[Start of section]

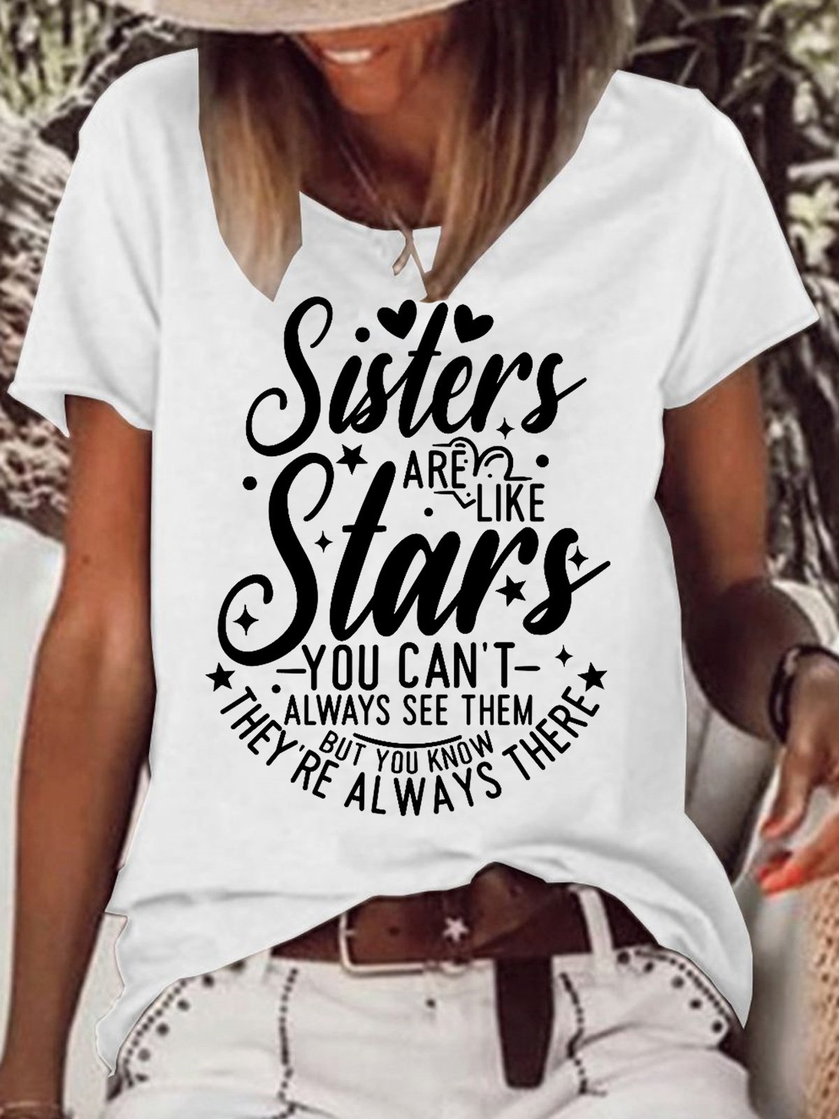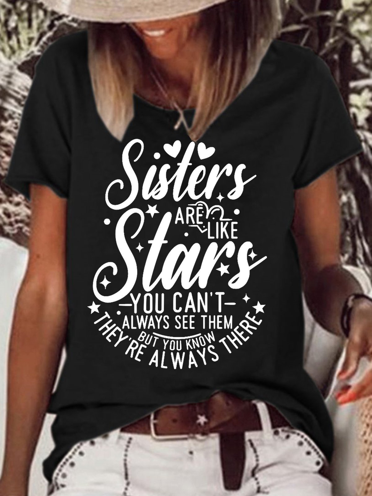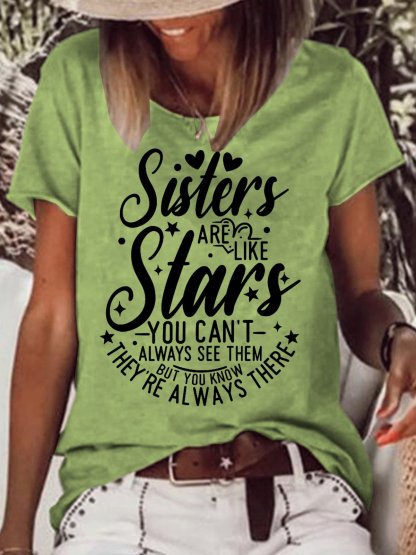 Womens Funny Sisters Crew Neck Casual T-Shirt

[End of section]
[Start of section]

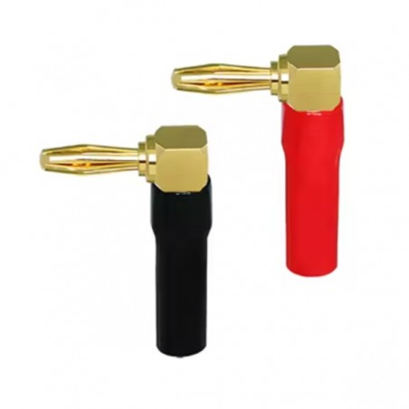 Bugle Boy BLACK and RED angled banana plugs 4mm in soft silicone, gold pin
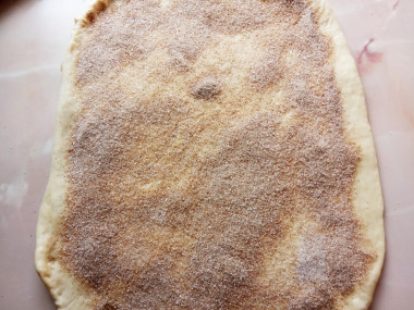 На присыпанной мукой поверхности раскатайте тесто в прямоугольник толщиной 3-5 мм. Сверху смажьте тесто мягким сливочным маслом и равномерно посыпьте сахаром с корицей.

[End of section]

What you need to do:
Please return the data above exactly as it stands from the line with "Bugle Boy BLACK" to the line with "На присыпанной мукой", keeping both of those lines but none of the pictures.

Solution to this task:
 Bugle Boy BLACK and RED angled banana plugs 4mm in soft silicone, gold pin
 На присыпанной мукой поверхности раскатайте тесто в прямоугольник толщиной 3-5 мм. Сверху смажьте тесто мягким сливочным маслом и равномерно посыпьте сахаром с корицей.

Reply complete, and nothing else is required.